Domain Specific Accelerators: Definition, Architecture and Use

Domain Specific Accelerators: Definition, Architecture and Use

Domain Specific Accelerators or Domain Specific Accelerators are a type of unit that is located by its complexity below a CPU, but has the ability to perform certain tasks consuming less power and being faster. But how do they work, what defines them, and why are they the future of hardware?

As time goes by, programs need to go faster and faster, but at the same time CPUs and GPUs have become behemoths of complexity where it is very difficult to increase performance in a traditional way. The future solution for this problem? Domain Specific Accelerators

First of all, the throttle concept

Sistema ARM RISC

Since the dawn of computing, support chips have been necessary to speed up certain techniques, originally these chips freed the CPU from performing a repetitive and recursive task. The clearest example was the graphics systems that made the CPU not have to waste most of the time drawing on the screen.

An accelerator is a support chip that goes further, because it not only frees the CPU from doing that task, but also speeds it up. That is, the task is done in a portion of the time of what the CPU would take. Which means that it is accelerated and has an impact on everything going faster. Hence the name accelerator.

Accelerators there are many types and designs, any type of hardware can be an accelerator: a microcontroller, an FPGA, a combinational or sequential circuit, etc. In recent years, a type of accelerator has appeared that will dominate the hardware in the following years, the Domain Specific Accelerators.

Domain Specific Accelerators, general definition

reloj-CPU

In hardware, we have been using accelerators for a long time for different types of jobs and specific applications and therefore for a specific domain in particular. Today these domains can be graphics, Deep Learning, bioinformatics, voice processing and images in real time. There are many specific domains in which a Domain Specific Accelerator can solve the problem in a better way than a CPU, that is, in less time and consuming less.

The first thing that will come to mind is the question: is a GPU a Domain Specific Accelerator? No, it is not. DSAs take care of very specific tasks in particular, so a GPU is going to have several of these units. To make it more understandable, it must be taken into account that every task can be divided into several smaller ones that can be accelerated independently with this type of processors.
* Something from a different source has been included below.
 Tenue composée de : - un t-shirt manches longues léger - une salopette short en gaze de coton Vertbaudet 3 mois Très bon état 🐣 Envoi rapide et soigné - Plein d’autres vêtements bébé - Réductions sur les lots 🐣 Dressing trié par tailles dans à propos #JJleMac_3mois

However, Domain Specific Accelerators are different from other options that exist on the market, since they exploit in their design a series of characteristics that place them between general purpose processors and conventional accelerators. In other words, they do not reach the complexity of a CPU, but they are much more complex than the classic solutions, especially those based on a fixed function.

Specific domain, specific ISA

Código Fuente

The first thing we have to bear in mind is that a Domain Specific Accelerator is not a CPU, although it also executes a program, its design is optimized for a specific solution and not one in general, for this a totally ISA is created around the DSA unit exclusive whose instructions, registers and data types used are thought to solve in a short time certain instructions that a CPU would take many cycles to do.
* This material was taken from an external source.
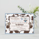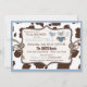 impressão de vaca com jumper de bandana, meias de botas de cowboy e fralda na placa de convite do chá de fraldas de linha de tecido design em azul e castanho.
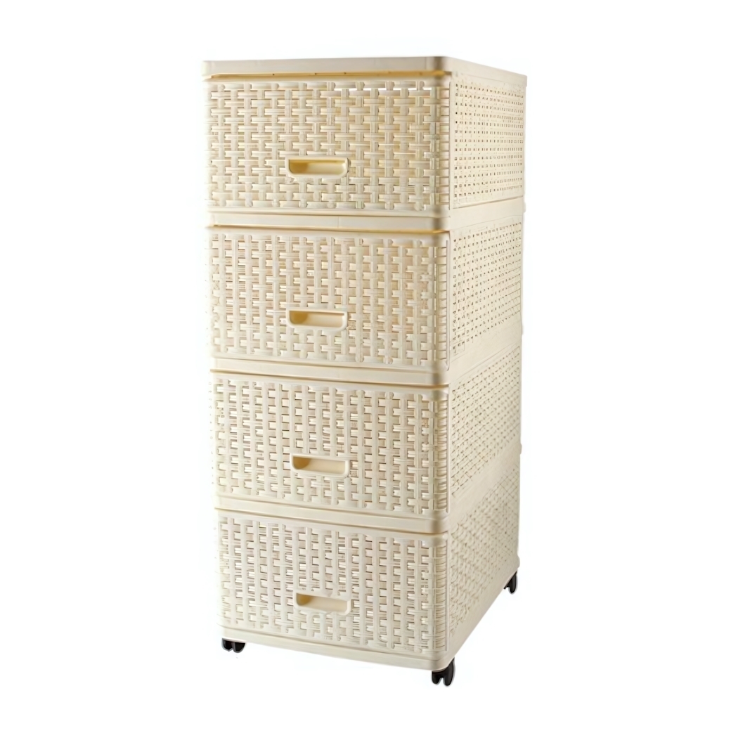 Комод пластиковый 'Плетеный' 4 ящика, кремовый, на колесиках, 400*500*985 мм

The CPUs in their ISAs build instructions today from microinstructions that share a common data path through the instruction cycle. This means that due to the complexity of the instruction set, a complex instruction takes many cycles to complete. In a DSA we can create instruction loops and specific data paths for certain instructions that run faster. We can even create units in parallel that execute just that instruction recursively.
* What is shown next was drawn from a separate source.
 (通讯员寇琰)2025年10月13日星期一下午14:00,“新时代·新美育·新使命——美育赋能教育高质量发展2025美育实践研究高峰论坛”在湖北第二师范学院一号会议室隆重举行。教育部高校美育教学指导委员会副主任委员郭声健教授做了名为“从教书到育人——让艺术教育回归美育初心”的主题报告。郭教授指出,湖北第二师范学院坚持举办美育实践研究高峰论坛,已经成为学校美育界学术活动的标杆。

But the biggest advantage of this is that it allows us for certain applications to get rid of instructions that a general purpose unit that for our specific application is useless. And that in recent years they have ended up transforming the sets of registers and instructions of CPUs and GPUs into mastodons that occupy a large space.

Domain Specific Accelerators and memory access

Coste Energético Relativo

Another improvement of the DSA has to do with memory, since like a microcontroller they use memory within the accelerator itself. Which is important, since the physical distance in which the memory is located influences the energy cost of the instructions.

Its memory configuration is the main advantage of accelerators, since each executed instruction consumes much less power than in a CPU, in addition it avoids the problem of contention with memory. A DSA does not make use of the system RAM to perform its calculations, so it can work in parallel all the time.

In addition, because of the way they work, we can place them in an SoC or a similar structure and have the CPU communicate with them directly, all without having to go through RAM to get the data.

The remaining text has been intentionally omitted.